С названием породы утки случаются курьезы. Люди никогда не охотившиеся и просто далёкие от мира природы полагают что лысуха, это что угодно - лось, олень, рыба, но только не утка.
Однажды в газете один журналист написал: «Пять уток и две лысухи…». Какое животное он подразумевал в «лысухе» неизвестно, но определенно только не утку. Ну, ничего, зато посмеялись, а  журналистский ляп вошел в охотничий фольклор. 
 
 Накануне выезда на охоту ты находишься в приятном возбуждении, перебираешь, как в шахматах разные варианты ходов,  и того что попадется, какую дичь добудешь, куда в какое место поедешь, и что не маловажно с кем проведёшь день охоты. И на что бы ты ни ехал охотиться, тебя охватывает внутренняя дрожь. Тебя бьет мандраж присущей хорошему футболисту перед важным матчем. Сладкий и томительный припадок ожидания, заквашенный не на страхе и жажде крови, а единственно на суеверии и бессознательной веры в приметы. Их нельзя растолковать и объяснить, как порой бывает не понятна наша привязанность и любовь к одним людям и вещам, также как и презрение, и равнодушие к другим. И в  день охоты особенно, как весной у душевнобольного, обостряется чувство ко всему, что происходит вокруг тебя. Слова, одежда, домашняя утварь всё втянуто в эту внутреннюю борьбу инстинктивно предугадать, удачной окажется охота, или тебя подстерегает в этот день какое то несчастье. 
Самой дурной приметой предстоящей охоты было то, что старые друзья- охотники в последний момент нашли отговорки и отказались ехать.
Вызвался составить компанию лишь старый сослуживец, тоже полковник Мурат.

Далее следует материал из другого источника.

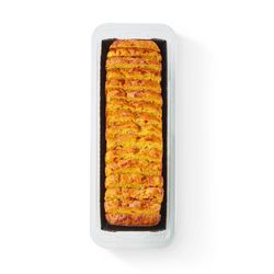 Ingrédients : INGREDIENTS : farine de BLE, ŒUF, EMMENTAL râpé, huile de colza, cube de viande de cuisse de poulet traité en salaison et rôti 12% (viande de cuisse de poulet 10,5%, eau, fécule de manioc, dextrose, sel), poivron grillé 10%, eau, oignon préfrit (oignon, huile de tournesol), poudres à lever : carbonate acide de sodium - tartrates de potassium (BLE), LAIT écrémé en poudre, sel, curry 0,3% (coriandre, curcuma, fenouil, fenugrec, cumin, ail, poivre noir, chili, sel).

Ничего плохого в нем не было, человек как человек, но что то в нем роилось такое, отчего не слишком хотелось с ним ни то, что дружить, а просто общаться. С таким ни выпить, ни поговорить по душам. Он был как лёд, с виду крепкий, без предательских трещинок, а ступишь и заходит ледяной панцирь под ногами, того и гляди с хрустом разверзнется и окажешься в полынье. Ни богу свечка, ни чёрту кочерга. И это его подобострастное отношение ко мне переходящее в елейное заискивание, когда при каждом встречном – поперечном он любил упомянуть, что «мой друг, Виталий Васильевич, непревзойденный охотник и знаменитый в области волчатник…». Незнакомцы переводили взгляд на Виталия Васильевича, то есть на меня, с подобострастием жали руки, качали одобрительно головой или с показушным удивлением делали большие, как блюдечки глаза, вытягивая в кулёчек сжатые губы, произносили дежурные слова восхищения, от которых мне было ни холодно, ни жарко.  И эти ужимки, обезьянье кривлянье, щенячьи восторги были не приятны и настолько неуместны, что приходилось либо отделываться шуткой, либо поддакивать вроде кивающего китайского болванчика.      
 
…Кряхтя поднялся с кровати, ноги в тапочки, проходя мимо спальни, глянул – жена еще спала, а может, делала вид, что спит. 
Она еще вчера, когда я обзванивал всех своих друзей охотников и просто любителей побродить, посидеть на природе, собирала дорожный тормозок. Как будто на Север собирает  - тогда мелькнуло в голове. И на меня, заходившего на кухню попить воды, пахнуло свежими и разбуженными прошлыми ароматами так, что все тело разнесло от сытости и довольства. Нынешнему поколению не понять, да и тела у них стали не восприимчивы и души окостенели. Голода не знали, не знали и не узнают запах, и вкус горбушки черного хлеба посыпанного такой крупной солью, что он на зубах скрипел, как снег под валенками. Да, не те у молодежи тела и дела совсем не те творят, а корчат из себя невесть что. Одним словом, воображалы….   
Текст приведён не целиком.